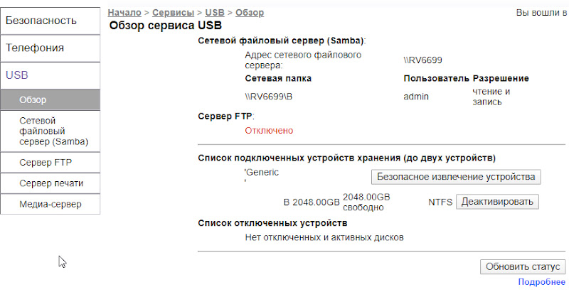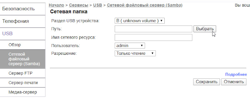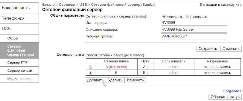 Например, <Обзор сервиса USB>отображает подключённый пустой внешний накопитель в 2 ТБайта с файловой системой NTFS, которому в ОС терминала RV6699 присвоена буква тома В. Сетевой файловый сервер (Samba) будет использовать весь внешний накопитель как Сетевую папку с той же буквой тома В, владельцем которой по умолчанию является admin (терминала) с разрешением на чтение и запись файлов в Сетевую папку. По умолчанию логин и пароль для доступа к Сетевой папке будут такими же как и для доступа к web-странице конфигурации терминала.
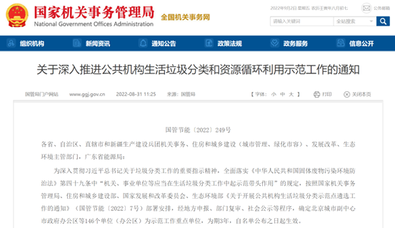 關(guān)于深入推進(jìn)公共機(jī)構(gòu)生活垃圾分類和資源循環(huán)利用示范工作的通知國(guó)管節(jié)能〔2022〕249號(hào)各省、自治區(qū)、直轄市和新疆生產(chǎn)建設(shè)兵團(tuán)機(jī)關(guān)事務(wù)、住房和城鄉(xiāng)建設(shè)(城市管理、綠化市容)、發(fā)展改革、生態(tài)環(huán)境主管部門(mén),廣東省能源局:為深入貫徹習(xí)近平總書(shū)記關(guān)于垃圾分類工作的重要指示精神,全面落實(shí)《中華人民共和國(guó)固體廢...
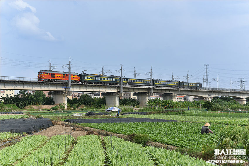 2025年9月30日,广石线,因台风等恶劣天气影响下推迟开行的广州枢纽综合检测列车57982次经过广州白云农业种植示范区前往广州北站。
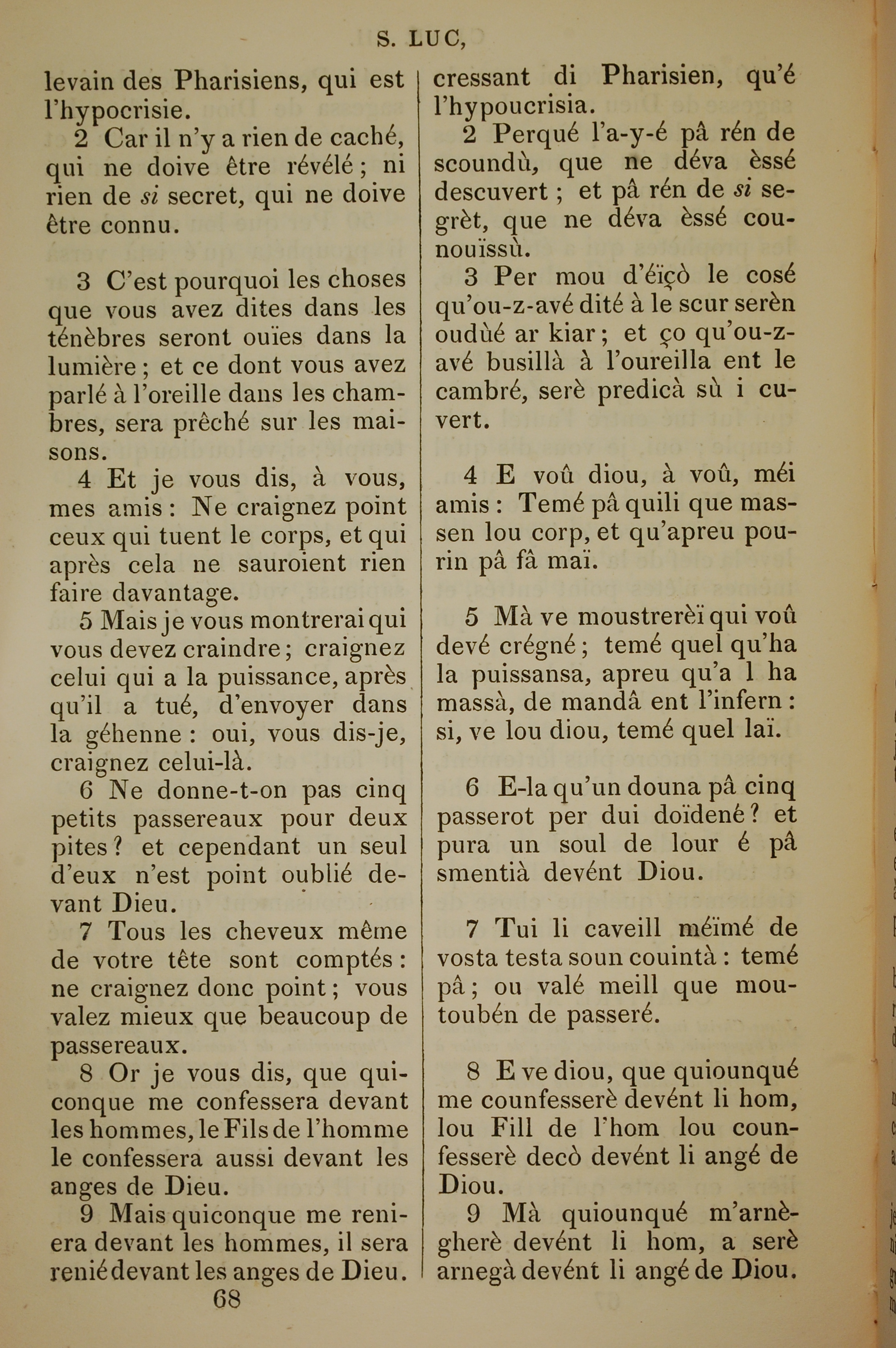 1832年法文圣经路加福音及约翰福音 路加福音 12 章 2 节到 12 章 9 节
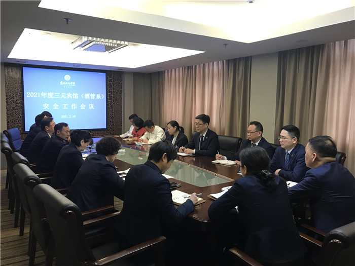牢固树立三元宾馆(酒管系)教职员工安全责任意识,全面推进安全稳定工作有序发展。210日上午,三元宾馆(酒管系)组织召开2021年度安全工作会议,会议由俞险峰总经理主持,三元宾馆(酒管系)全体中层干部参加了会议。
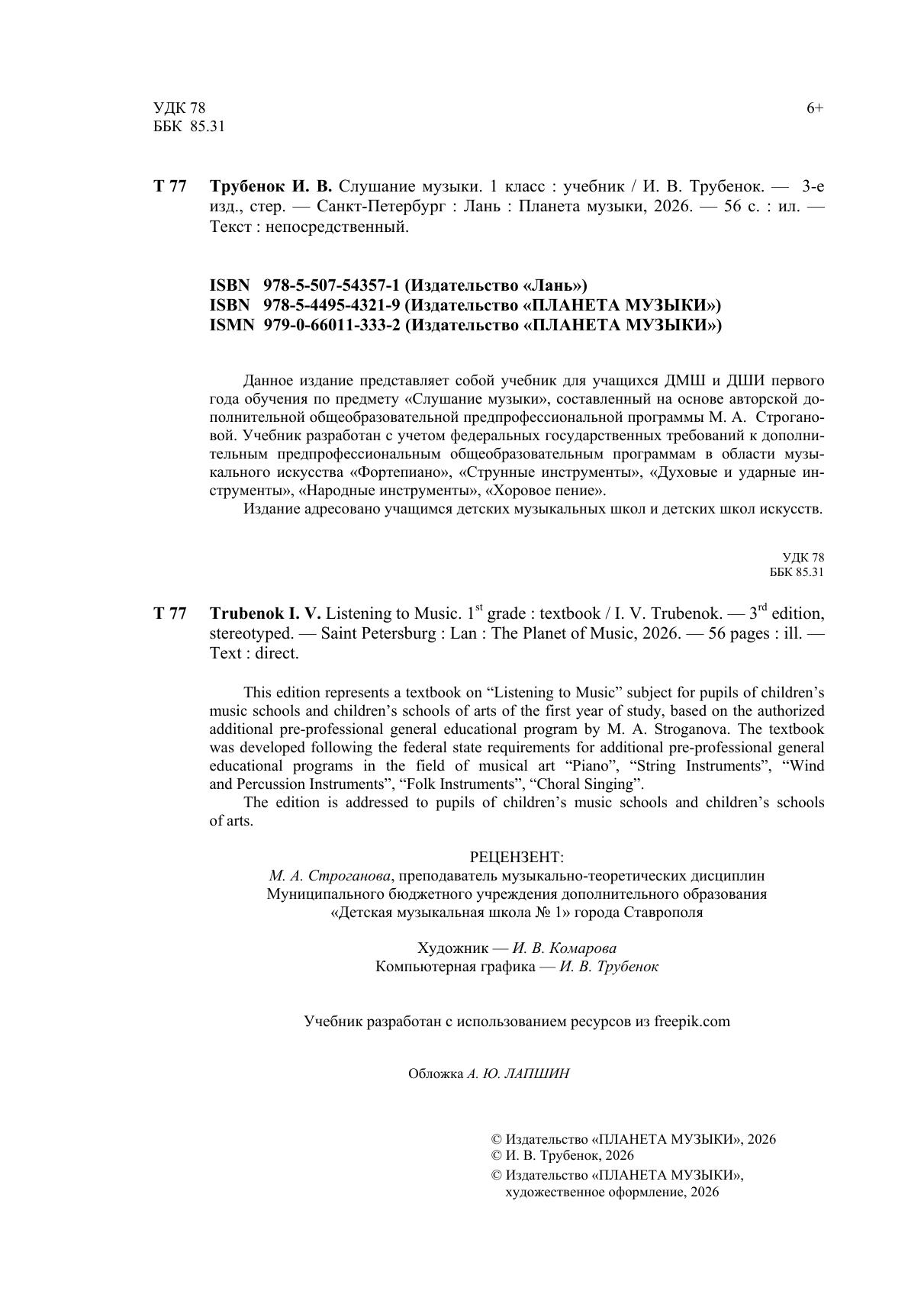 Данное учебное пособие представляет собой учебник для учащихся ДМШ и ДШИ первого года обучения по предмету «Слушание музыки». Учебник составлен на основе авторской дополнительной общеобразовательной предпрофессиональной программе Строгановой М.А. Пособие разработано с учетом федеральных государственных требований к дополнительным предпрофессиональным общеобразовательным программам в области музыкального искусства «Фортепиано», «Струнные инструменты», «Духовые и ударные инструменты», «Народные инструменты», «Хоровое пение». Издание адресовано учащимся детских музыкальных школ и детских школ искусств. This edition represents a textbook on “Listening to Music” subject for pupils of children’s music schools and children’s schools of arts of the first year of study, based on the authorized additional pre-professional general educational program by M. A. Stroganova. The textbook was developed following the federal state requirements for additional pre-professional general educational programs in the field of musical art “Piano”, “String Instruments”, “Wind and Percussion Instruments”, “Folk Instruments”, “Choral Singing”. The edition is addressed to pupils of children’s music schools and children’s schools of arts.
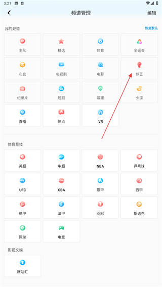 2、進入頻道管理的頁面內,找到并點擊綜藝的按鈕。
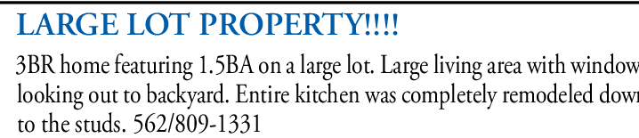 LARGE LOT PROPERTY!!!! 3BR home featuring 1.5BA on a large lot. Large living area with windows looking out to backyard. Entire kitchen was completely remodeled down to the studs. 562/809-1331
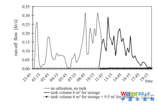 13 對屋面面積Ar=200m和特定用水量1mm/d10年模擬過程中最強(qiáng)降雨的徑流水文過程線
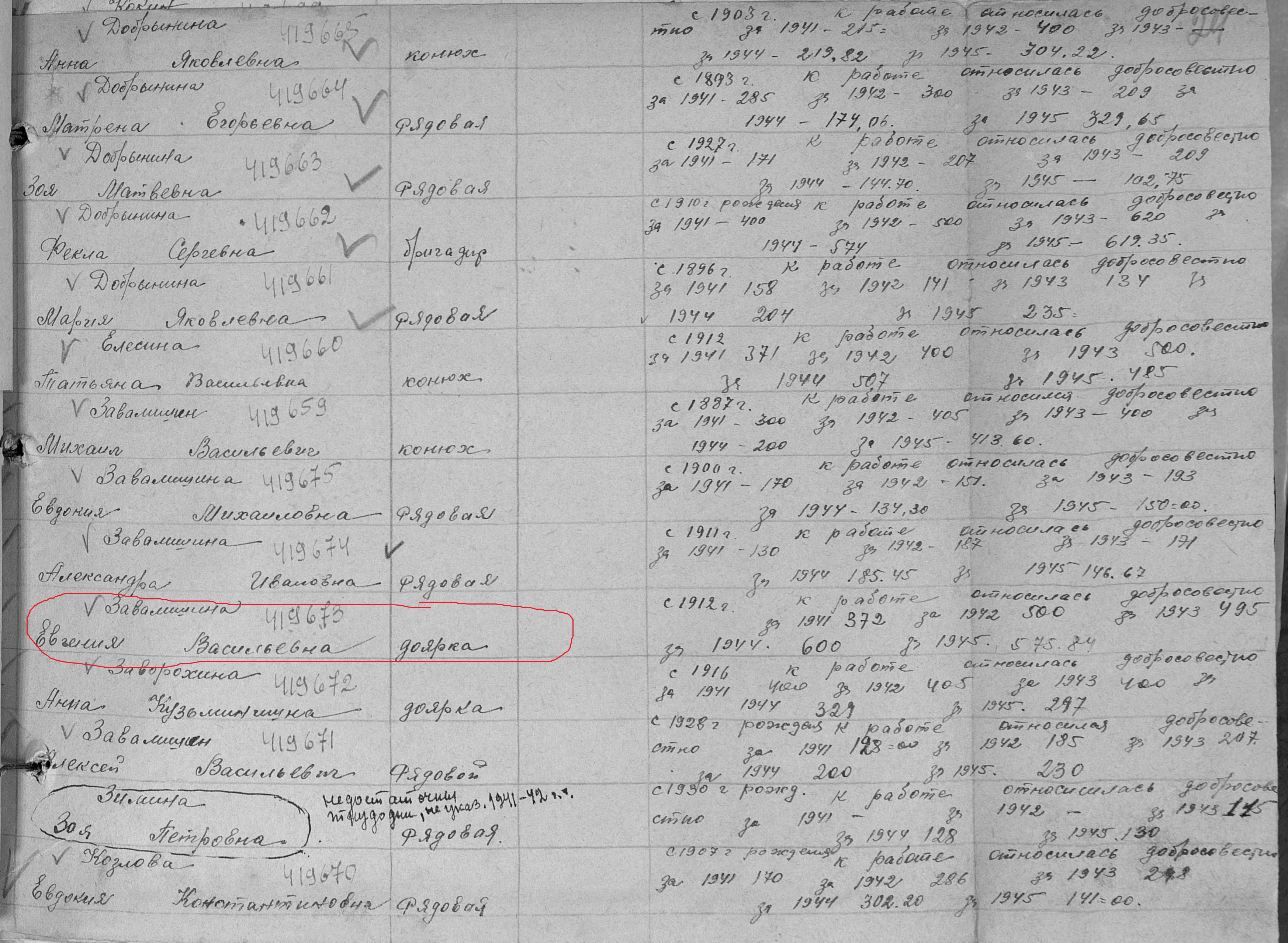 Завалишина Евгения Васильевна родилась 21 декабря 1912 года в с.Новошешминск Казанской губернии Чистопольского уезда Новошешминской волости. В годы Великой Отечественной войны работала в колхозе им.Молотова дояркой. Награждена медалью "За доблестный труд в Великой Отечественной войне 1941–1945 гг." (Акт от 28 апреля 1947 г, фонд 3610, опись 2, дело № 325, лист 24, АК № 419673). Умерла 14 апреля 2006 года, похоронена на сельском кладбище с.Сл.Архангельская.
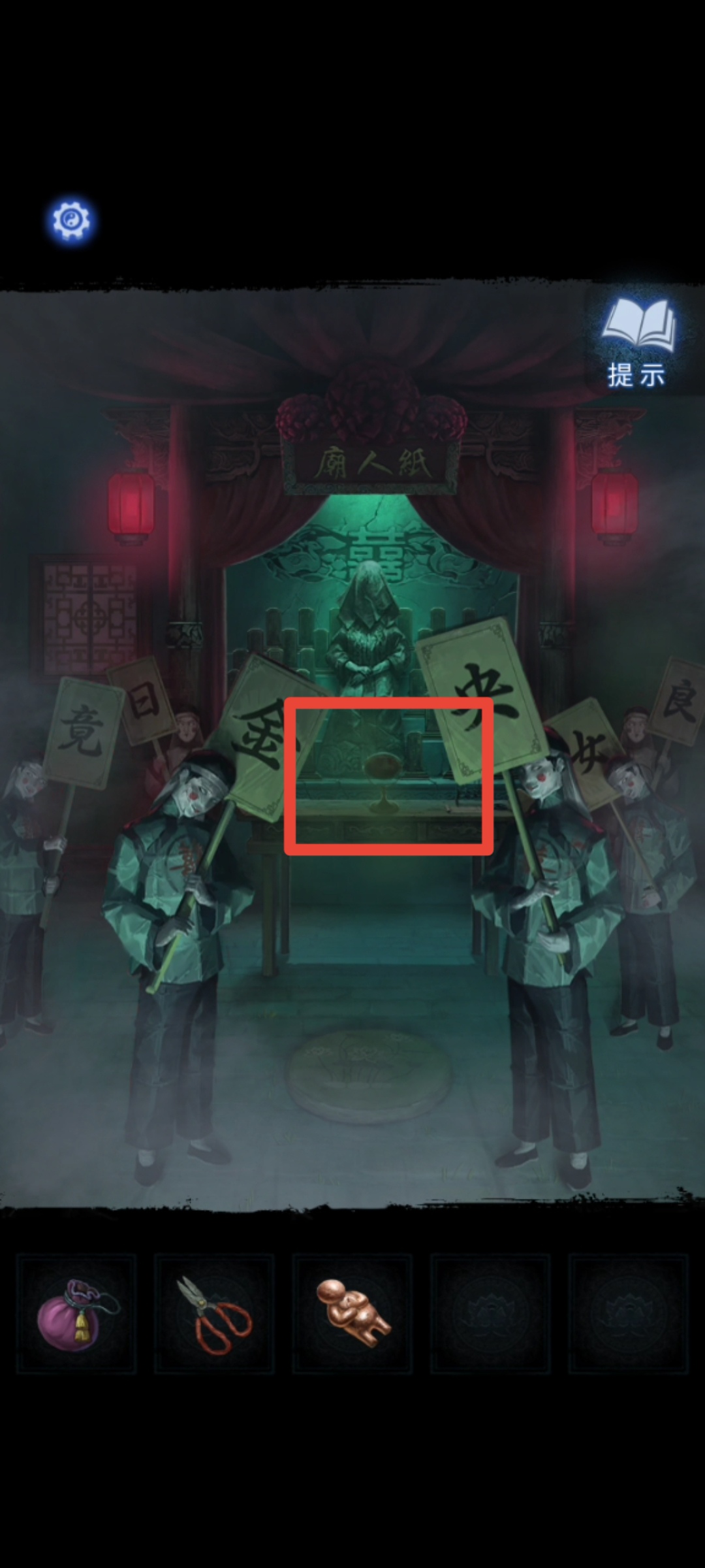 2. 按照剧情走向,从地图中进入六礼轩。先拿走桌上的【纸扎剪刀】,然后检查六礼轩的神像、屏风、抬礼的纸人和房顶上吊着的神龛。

+--

Using the entries above, extract exactly the lines from the one that contains "關(guān)于深入推進(j" through the one that contains "2025年9月30日,广石线". Do not carry over any pictures.

Solution to this exercise:
 關(guān)于深入推進(jìn)公共機(jī)構(gòu)生活垃圾分類和資源循環(huán)利用示范工作的通知國(guó)管節(jié)能〔2022〕249號(hào)各省、自治區(qū)、直轄市和新疆生產(chǎn)建設(shè)兵團(tuán)機(jī)關(guān)事務(wù)、住房和城鄉(xiāng)建設(shè)(城市管理、綠化市容)、發(fā)展改革、生態(tài)環(huán)境主管部門(mén),廣東省能源局:為深入貫徹習(xí)近平總書(shū)記關(guān)于垃圾分類工作的重要指示精神,全面落實(shí)《中華人民共和國(guó)固體廢...
 2025年9月30日,广石线,因台风等恶劣天气影响下推迟开行的广州枢纽综合检测列车57982次经过广州白云农业种植示范区前往广州北站。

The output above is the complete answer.